I'm not sure if thats the right word to use but w/e here's the story. I thought I was catching wind from my bf that we was seriously looking at rings and I had a feeling it was going to come between the present and the end of the year. So after deliberating I told my best friend. thinking that like all best friend's she would be excited or w/e. She was upset because I was picking up on signs that he was looking or w/e and I told her it wasn't my fault that he was obvious and that I noticed certain things. Well usually when ppl try to plan surprises for me I notice because I'm observant not because I go looking to find out. So she started making me feel bad about how would he feel if he knew that I knew about the biggest surprise yet. And I told her I wasn't planning on telling him that I suspected anything. So I saw she wasn't excited or anything so I just tried to drop the subject. Fast forward a few days, I was at home w/ my BF waiting for above best friend and her BF to show up.
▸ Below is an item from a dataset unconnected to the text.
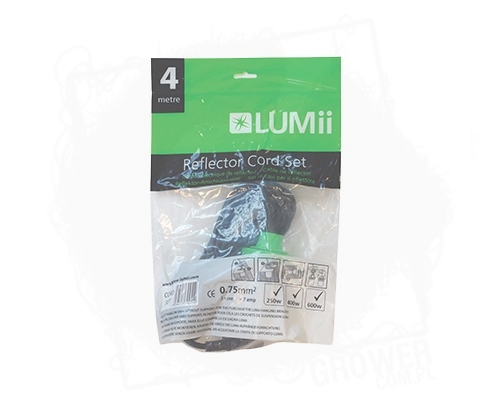 Oprawa E40 LUMII z przewodem o długości 4 metrów zakończona wtyczką męską IEC do zasilacza. Idealny do zawieszenia lampy w pozycji pionowej bez reflektora. Idealna do mocy 250W, 400W, 600W

All of the sudden my boyfriend turned to me all serious and asked me if I told best friend that I knew he was going to propose. WTF is that?!?! I denied denied denied told him it was a misunderstanding that I said I wanted him to. But what is that ?! Specifically after I told her not to say anything. I'm just really hurt because it bothered him so now I dont know if this will potentially delay it or w/e. I haven't said anything to her because I don't want to get into a fight but what would you guys do or what do you think? Sorry for the length!! =)

Re: I feel betrayed..

  • edited December 2011
    Your friend sounds like a jealous biitch.  That's all I got, sorry. And people that are all about being "SO suprised" are just a little silly.  I mean really, did you think that one of the biggest decisions of your life was going to be made without you?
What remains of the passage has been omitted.